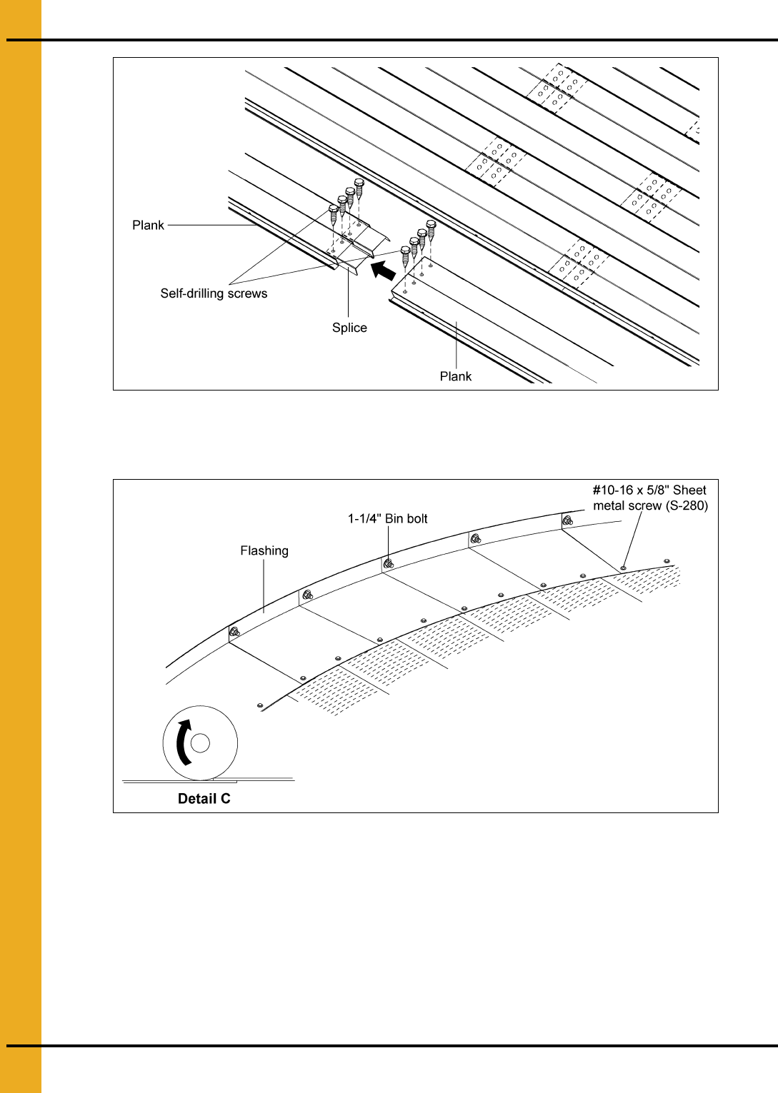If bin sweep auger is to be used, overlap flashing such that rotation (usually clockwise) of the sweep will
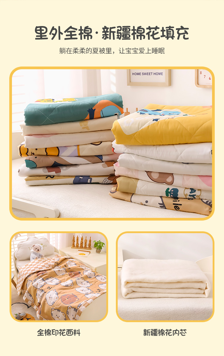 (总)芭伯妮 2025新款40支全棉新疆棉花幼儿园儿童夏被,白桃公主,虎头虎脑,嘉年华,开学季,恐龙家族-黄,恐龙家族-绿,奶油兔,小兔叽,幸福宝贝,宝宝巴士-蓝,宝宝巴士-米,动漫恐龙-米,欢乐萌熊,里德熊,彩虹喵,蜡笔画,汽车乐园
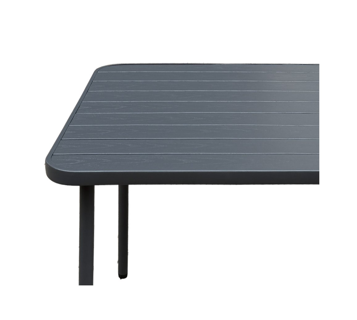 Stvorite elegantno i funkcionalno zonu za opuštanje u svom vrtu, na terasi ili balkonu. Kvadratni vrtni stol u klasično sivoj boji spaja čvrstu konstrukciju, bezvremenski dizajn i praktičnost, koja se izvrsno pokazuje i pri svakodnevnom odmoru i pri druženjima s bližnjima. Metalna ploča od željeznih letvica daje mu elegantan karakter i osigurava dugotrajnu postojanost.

EXERCISE DETAILS — When a picture appears in the material, please pass over it while retyping the rest exactly.

RESULT OF THE EXERCISE —
If bin sweep auger is to be used, overlap flashing such that rotation (usually clockwise) of the sweep will
 (总)芭伯妮 2025新款40支全棉新疆棉花幼儿园儿童夏被,白桃公主,虎头虎脑,嘉年华,开学季,恐龙家族-黄,恐龙家族-绿,奶油兔,小兔叽,幸福宝贝,宝宝巴士-蓝,宝宝巴士-米,动漫恐龙-米,欢乐萌熊,里德熊,彩虹喵,蜡笔画,汽车乐园
 Stvorite elegantno i funkcionalno zonu za opuštanje u svom vrtu, na terasi ili balkonu. Kvadratni vrtni stol u klasično sivoj boji spaja čvrstu konstrukciju, bezvremenski dizajn i praktičnost, koja se izvrsno pokazuje i pri svakodnevnom odmoru i pri druženjima s bližnjima. Metalna ploča od željeznih letvica daje mu elegantan karakter i osigurava dugotrajnu postojanost.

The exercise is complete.